HOW ASSISTED HEALTH INSURANCE WOULD WORK

Assisted Health Insurance is designed to cover everyone not offered coverage under Employee Health Insurance or Medicare, including

  • The unemployed,
  • The disabled,
  • The self-employed,
  • Those with low incomes
  • Persons with higher incomes if they cannot get coverage at reasonable rates including persons whose health status or type of work puts them in high-risk insurance categories.
    • A principal feature of Assisted Health Insurance is that it relates premiums and out-of-pocket expenses to the income of the person or family enrolled
    • Working families with very low incomes, would pay no premiums at all
    • Deductibles, co-insurance, and maximum liability would all be pegged to income levels.
    • Assisted Health Insurance would replace State-run Medicaid for most services.
    • Preempt State mandates, this plan would establish uniform benefit and eligibility standards for all low-income persons.
    • It would also eliminate artificial barriers to enrollment or access to health care.

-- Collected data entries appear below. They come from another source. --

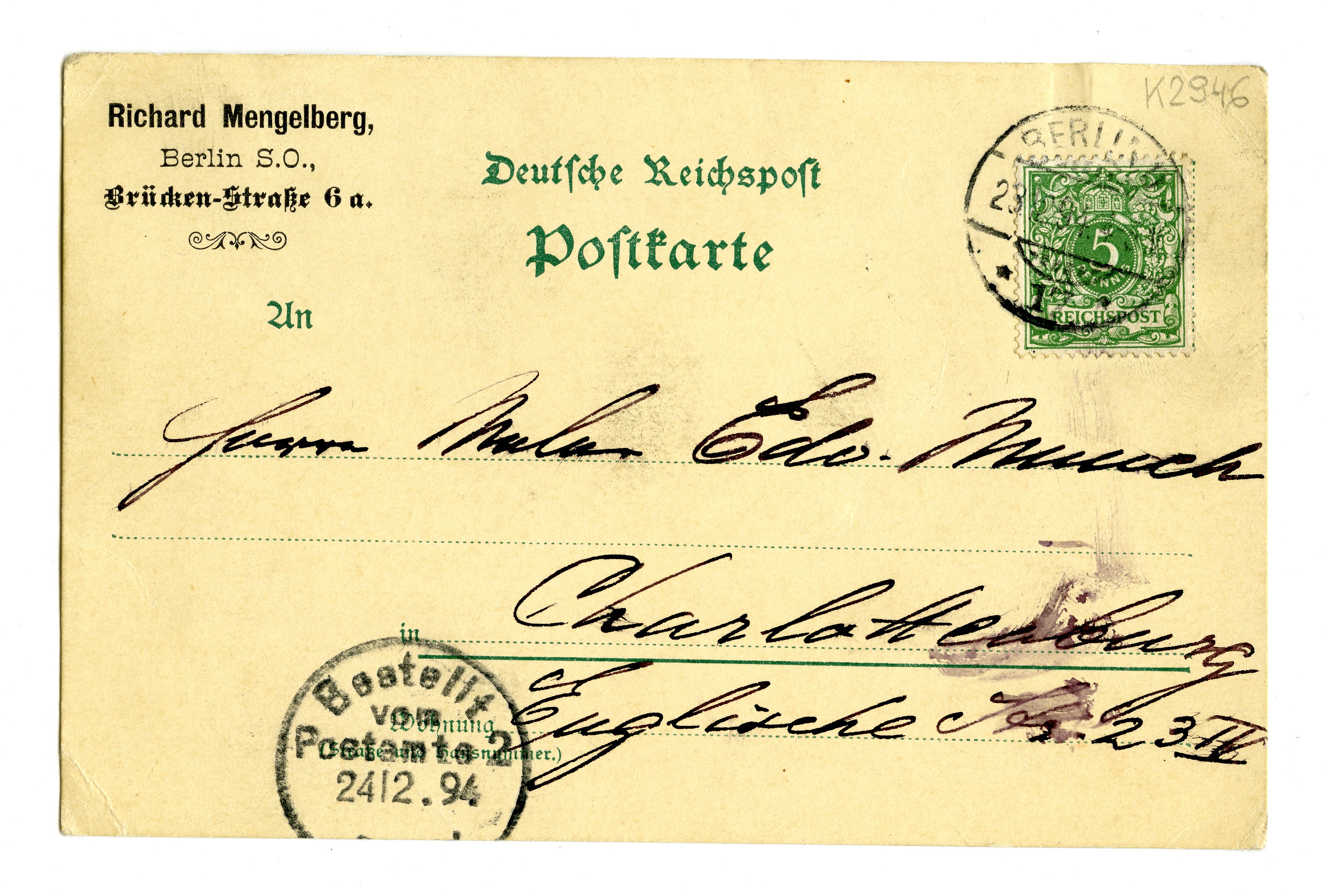 MM K 2946, Munchmuseet. Datert 23.02.1894. Brev fra Richard Mengelberg.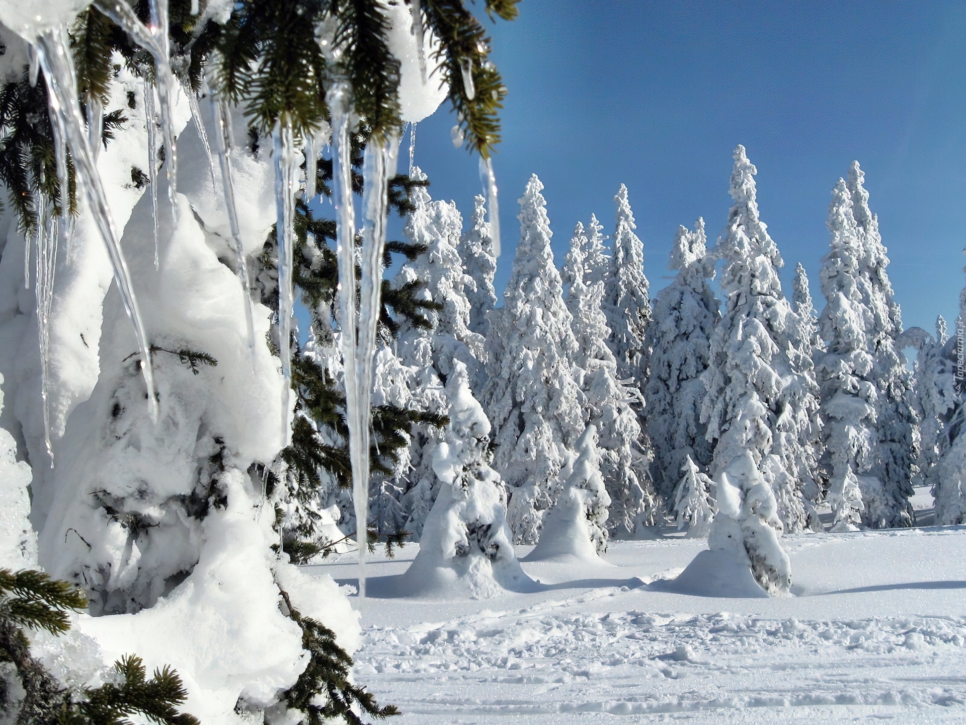 Edytor tapety: Zima, Świerki, Sople, Lodu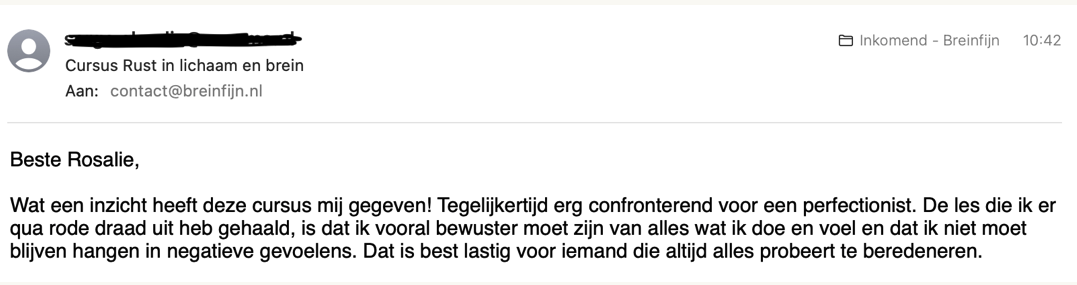 Een paar maanden geleden werd ik getipt op jouw online-training Rust in lichaam en brein, en heb ik diezelfde dag geboekt. Dit is met afstand het beste dat ik afgelopen jaar gedaan heb. Al de andere therapeuten (ook bedrijfsarts en psycholoog) hebben wel een beetje geholpen, maar jouw cursus slaat de spijker op z’n kop. Dit is precies waar ik last van heb en je weet dit (ondanks dat we elkaar nooit gesproken hebben) perfect aan te geven. Ik heb de cursus (ik heb er de tijd voor genomen…) in bijna 2 maanden helemaal doorlopen. Komende maanden ga ik de training zeker regelmatig terugkijken, want elke keer kom ik toch weer dingen tegen. Maar het belangrijkste is, dat ik veel meer rust heb gevonden dan ik in jaren geweest ben, en ik voel dat er nog veel meer ruimte tot verbetering is.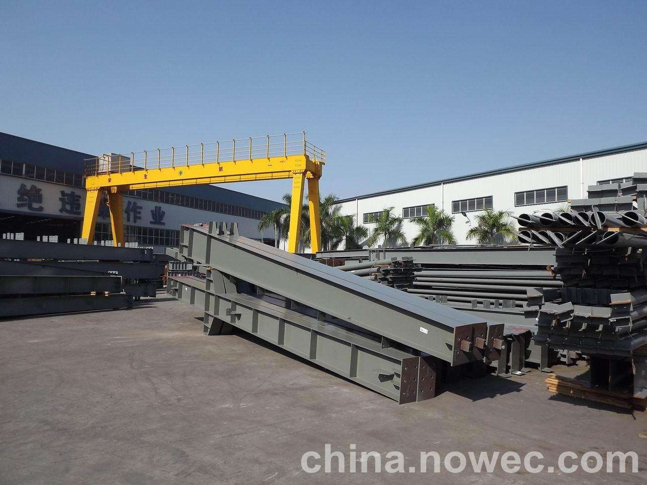 条状单元一般沿长跨方向分割,其宽度约为1~3个网格,其长度为l2或l2/2(l2为短跨跨距)。块状单元一般沿忻州网架平面纵横向分割成矩形或正方形单元。每个单元的重量以现有起重机能胜任为准。条(块)与条(块)之间可以直接拼装,也可空一网格在高空拼装。由于条(块)状单元是在地面拼装,因而高空作业量较高空散装法大为减少,拼装支架也减少很多,又能充分利用现有起重设备,故较经济。这种安装方法适用于分割后网架的钢度和受力状况改变较小的各类中小型网架,如两向正交正放四角锥、正放抽空四角锥等网架。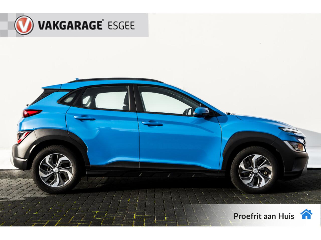 adaptieve cruise control en een complete uitrusting dan is deze Hyundai Kona 1.6 GDI HEV Fashion in de stijlvolle kleur Surfy Blue metallic een bijzonder aantrekkelijke keuze binnen het actuele aanbod tweedehands en hybride occasions van Esgee.
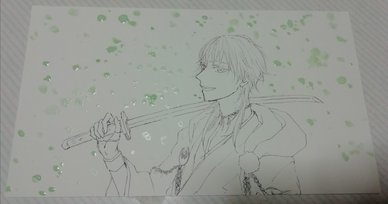 マスキングペン買ってたのですが細くて使いにくく、久しぶりに瓶入りのから筆でぬりました。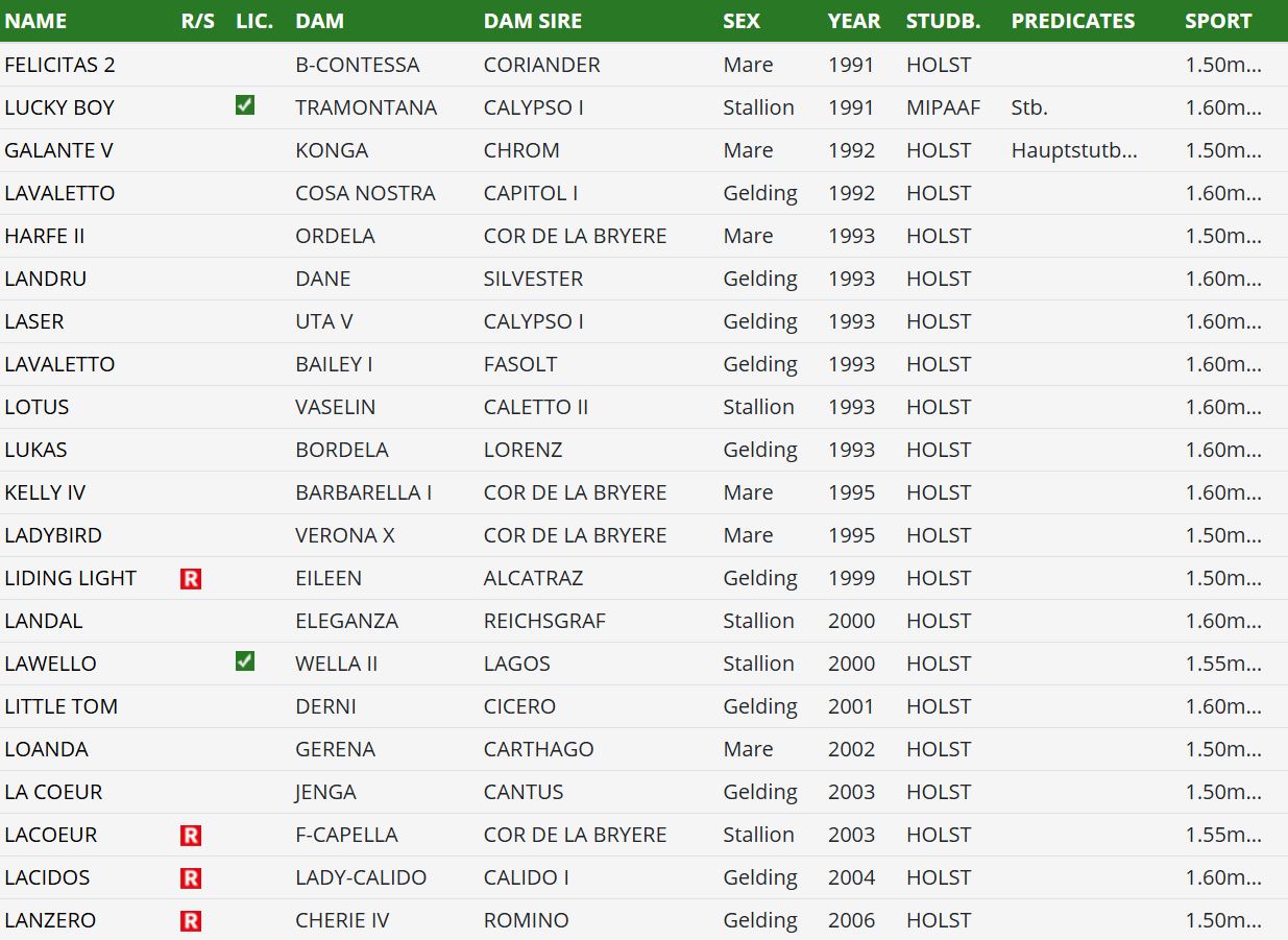 Carthago is one of the most celebrated sires in showjumping history, renowned for his exceptional technique, scope, and rideability. His influence is evident through countless successful progeny at the highest levels of the sport:

MAKING THE HEALTH CARE SYSTEM WORK BETTER

To contain medical costs effectively over the long-haul, however, basic reforms in the financing and delivery of care are also needed.

PROFESSIONAL STANDARDS REVIEW ORGANIZATIONS (PSRO’s) would

  • place health services under the review of Professional Standards Review Organizations.
  • These PSRO’s would be charged with maintaining high standards of care and reducing needless hospitalization.
  • Operated ‘by groups of private physicians, professional review organizations can do much to ensure quality care while helping to bring about significant savings in health costs.

STATES would

  • Approve specific plans,
  • Oversee rates,
  • Ensure adequate disclosure,
  • Require an annual physical
  • Assure fair reimbursement for physician services, drugs and institutional services, including a prospective reimbursement system for hospitals.
  • Only with effective cost control measures can States ensure that the citizens receive the increased health care they need and at rates they can afford.
  • Failure on the part of States to enact the necessary authorities would prevent them from receiving any Federal support of their State-administered health assistance plan.

Republican President RICHARD NIXON

The White House, February 6, 1974.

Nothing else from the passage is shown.